The nostalgic Cancer side of me has always had a soft spot for coming-of-age movies, so I was pleased when I finally got to watch Adventureland in theaters after witnessing how the proverbial sausage was made a year and a half earlier. It’s a fine companion piece to The Perks of Being a Wallflower, which also addresses the awkwardness of young love, heartbreak, and hope while taking advantage of its Pittsburgh setting.
What’d I Wear?
Early on the morning of October 25, 2007, I was dropped off in front of Kennywood, equipped with a bag full of my own clothing that I had hoped would fit the desired description of looking like something straight out of a summer in Reagan-era Pittsburgh. (The creation of BAMF Style was still five years away, but I had been paying attention to period costumes for quite some time already!)
It’s been 84 14 years so my recollection may be a little hazy, but I remember hustling into a pavilion with the other extras—all of whom ranged in age, appearance, and enthusiasm—for costume selection. Some were issued costumes while others, including yours truly, had brought their own clothing to be analyzed and approved. My first outfit to make the cut consisted of a light pink Lacoste polo shirt and white jeans.
The Lacoste polo had been pioneered by none other than French tennis champion René Lacoste, who founded his clothing company of the same name in 1933, specializing in his signature polo shirts with a green crocodile embroidered over the left breast in reference to his name. I received my first two Lacoste polos for Christmas in 2004, when I was in the tenth grade. Both were the then-standard 5191L short-sleeved model, size 4, made from cotton piqué. The colors were light blue and light pink, the latter providing just enough that pastel ’80s je nais se quoi that I selected it for my Adventureland kit. (In the nearly two decades since, the 5191L appears to have been superseded by the similar L.12.12.)
The white low-rise jeans were from American Eagle, purchased only a few months earlier during the summer of 2004. I wore them in Adventureland with a thick brown burnished leather belt, likely also from American Eagle. My sandals were the classic stone Birkenstock slides, with two buckle-fastened straps, worn inexplicably (or perhaps as requested?) with white socks.

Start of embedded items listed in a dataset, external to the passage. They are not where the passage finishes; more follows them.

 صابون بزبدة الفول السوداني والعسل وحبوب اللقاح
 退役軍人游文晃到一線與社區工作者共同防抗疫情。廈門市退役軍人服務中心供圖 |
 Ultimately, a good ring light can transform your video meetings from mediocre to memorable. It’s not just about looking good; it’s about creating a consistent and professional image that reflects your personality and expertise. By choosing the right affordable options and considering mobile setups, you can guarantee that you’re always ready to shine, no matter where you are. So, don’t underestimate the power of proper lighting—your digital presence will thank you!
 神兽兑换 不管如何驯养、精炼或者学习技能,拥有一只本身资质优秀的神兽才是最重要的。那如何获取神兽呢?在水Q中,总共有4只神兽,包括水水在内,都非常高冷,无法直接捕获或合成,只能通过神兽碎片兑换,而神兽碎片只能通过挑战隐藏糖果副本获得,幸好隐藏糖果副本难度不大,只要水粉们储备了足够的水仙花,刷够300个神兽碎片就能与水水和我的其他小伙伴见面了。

During the daytime scenes, I had a pair of gold-framed aviator-style sunglasses clipped to my belt loop, again also likely from American Eagle and a smart choice for me to have chosen—if I may say so myself—as Adventureland was set during the summer of 1987, only a year after Tom Cruise famously wore his Ray-Ban Aviators while quenching his “need for speed” in Top Gun.

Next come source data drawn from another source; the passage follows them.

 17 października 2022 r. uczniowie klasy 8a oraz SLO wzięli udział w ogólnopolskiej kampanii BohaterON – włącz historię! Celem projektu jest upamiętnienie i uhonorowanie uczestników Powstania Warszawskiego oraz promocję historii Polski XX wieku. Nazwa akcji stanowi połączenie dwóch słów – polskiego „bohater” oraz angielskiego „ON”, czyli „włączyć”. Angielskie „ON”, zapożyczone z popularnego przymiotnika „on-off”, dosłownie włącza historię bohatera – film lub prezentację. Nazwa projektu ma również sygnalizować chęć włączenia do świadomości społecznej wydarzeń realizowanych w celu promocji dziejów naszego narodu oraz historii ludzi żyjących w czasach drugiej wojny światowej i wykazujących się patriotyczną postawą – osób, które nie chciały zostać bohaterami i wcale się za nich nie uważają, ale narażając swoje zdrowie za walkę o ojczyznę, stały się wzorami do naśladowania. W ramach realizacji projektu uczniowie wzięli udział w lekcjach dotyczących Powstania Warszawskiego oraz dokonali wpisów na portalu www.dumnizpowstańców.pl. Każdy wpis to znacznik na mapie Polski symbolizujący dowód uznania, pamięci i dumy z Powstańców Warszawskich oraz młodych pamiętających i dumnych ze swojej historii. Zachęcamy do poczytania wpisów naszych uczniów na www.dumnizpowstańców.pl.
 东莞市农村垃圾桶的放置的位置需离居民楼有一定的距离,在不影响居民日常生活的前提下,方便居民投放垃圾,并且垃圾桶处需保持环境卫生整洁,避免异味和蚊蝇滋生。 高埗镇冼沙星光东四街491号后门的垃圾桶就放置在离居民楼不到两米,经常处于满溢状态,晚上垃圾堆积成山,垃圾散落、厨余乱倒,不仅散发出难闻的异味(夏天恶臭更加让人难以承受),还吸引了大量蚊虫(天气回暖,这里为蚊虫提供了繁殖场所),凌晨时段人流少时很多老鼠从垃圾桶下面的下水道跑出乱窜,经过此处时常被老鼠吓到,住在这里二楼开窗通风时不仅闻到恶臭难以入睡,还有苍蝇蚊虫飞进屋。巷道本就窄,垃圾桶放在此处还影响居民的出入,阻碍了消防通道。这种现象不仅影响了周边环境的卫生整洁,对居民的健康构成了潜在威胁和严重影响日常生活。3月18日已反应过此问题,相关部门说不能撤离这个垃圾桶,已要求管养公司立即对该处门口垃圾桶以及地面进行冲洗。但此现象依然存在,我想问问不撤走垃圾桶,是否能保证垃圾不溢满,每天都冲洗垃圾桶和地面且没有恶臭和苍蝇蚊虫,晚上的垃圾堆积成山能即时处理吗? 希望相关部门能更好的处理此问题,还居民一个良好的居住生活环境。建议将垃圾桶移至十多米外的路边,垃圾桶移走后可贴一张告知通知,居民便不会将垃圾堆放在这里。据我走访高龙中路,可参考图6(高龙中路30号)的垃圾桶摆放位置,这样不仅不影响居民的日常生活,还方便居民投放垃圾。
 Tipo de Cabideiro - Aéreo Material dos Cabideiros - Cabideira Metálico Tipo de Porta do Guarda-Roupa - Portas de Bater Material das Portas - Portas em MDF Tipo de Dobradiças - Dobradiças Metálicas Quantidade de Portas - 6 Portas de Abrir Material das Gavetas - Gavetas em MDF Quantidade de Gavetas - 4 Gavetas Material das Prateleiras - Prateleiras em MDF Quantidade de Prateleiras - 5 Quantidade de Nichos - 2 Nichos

The only piece of my proposed costume that hadn’t passed muster was my digital watch, a Timex Ironman on a silver-toned link bracelet. I had yet to really get into watches, instead only needing something that quickly told me the time. Had I selected a Timex T80 I may have been allowed—if not encouraged!—to continue wearing it on screen, but the costume team member working with us extras wisely nixed my anachronistic Ironman… leaving only an embarrassing ring of sun-starved skin around my left wrist that actually makes its way on screen (as seen in the still sourced for the top of this post.)
How to Get the Look
While perhaps preppier than anything I’d wear to an amusement park today, I was evidently dressing to impress back in the summer of ’87… but should I have popped the collar?
- Light pink cotton piqué Lacoste short-sleeve polo shirt
- White cotton American Eagle jeans
- Brown burnished leather belt
- Tan Birkenstock sandals
- White socks
Do Yourself a Favor and…
Check out the movie. Everyone is great in it, but I’m particularly convincing in my role as Guy Walking Through the Park Carrying Snacks.